As the year comes to an end I find myself with fingers in a number of pies – or, if you will, trying to keep a half-dozen or more balls in the air. There are several relatively small projects which I want to complete within a few weeks, and a number of more ambitious projects. I figured I’d just ramble on about them and see where I come out.
About Conflict in Blog Commentary
I’ve just been participating in a conversation the John Holbo at Crooked Timber, Hazards of Evolutionary Psychology, Royalty Edition, that got pretty contentious, with one commenter informing me about the proper rules of the game. I then pointed out that those rules didn’t work very well.

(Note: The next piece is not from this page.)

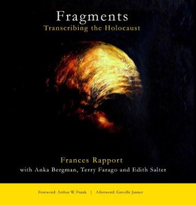 2013: Fragments: Transcribing the Holocaust. Testimony by Holocaust survivors Anka Bergman, Terry Farago and Edith Salter (in Cardiff) – transcribed in poetic form by Frances Rapport.

At this point I’ve pretty much drafted a post in which I elaborate on what I said in the discussion and then compare that situation with the best intellectual venue I’ve ever experienced, David Hays’s research group at SUNY Buffalo. I don’t see anything particularly deep going on, just some useful observations of a fairly standard kind. More data points.
Comment on Sidney Lamb’s Paper
Sidney Lamb has a paper up for comment in a new online journal, Linguistic structure: A plausible theory, Language Under Discussion, Volume 4, Issue 1 (2016), pp. 1–37. I would be commenting on Lamb’s paper (others have done so already). This would be a formal academic paper, but not article length. Lamb will reply to all the comments sometime next year.
This is something I very much want to do as I’m quite fond of Lamb’s stratificational linguistics. It’s just a matter of figuring out what to say. I’m leaning toward something more philosophical than detailed. I’m currently working on a blog post about Searle’s famous Chinese Room thought experiment as a warm-up to commenting on Lamb. In the Lamb comment I think I want to look at what his theory might have to say about conversation and about meaning in conversation.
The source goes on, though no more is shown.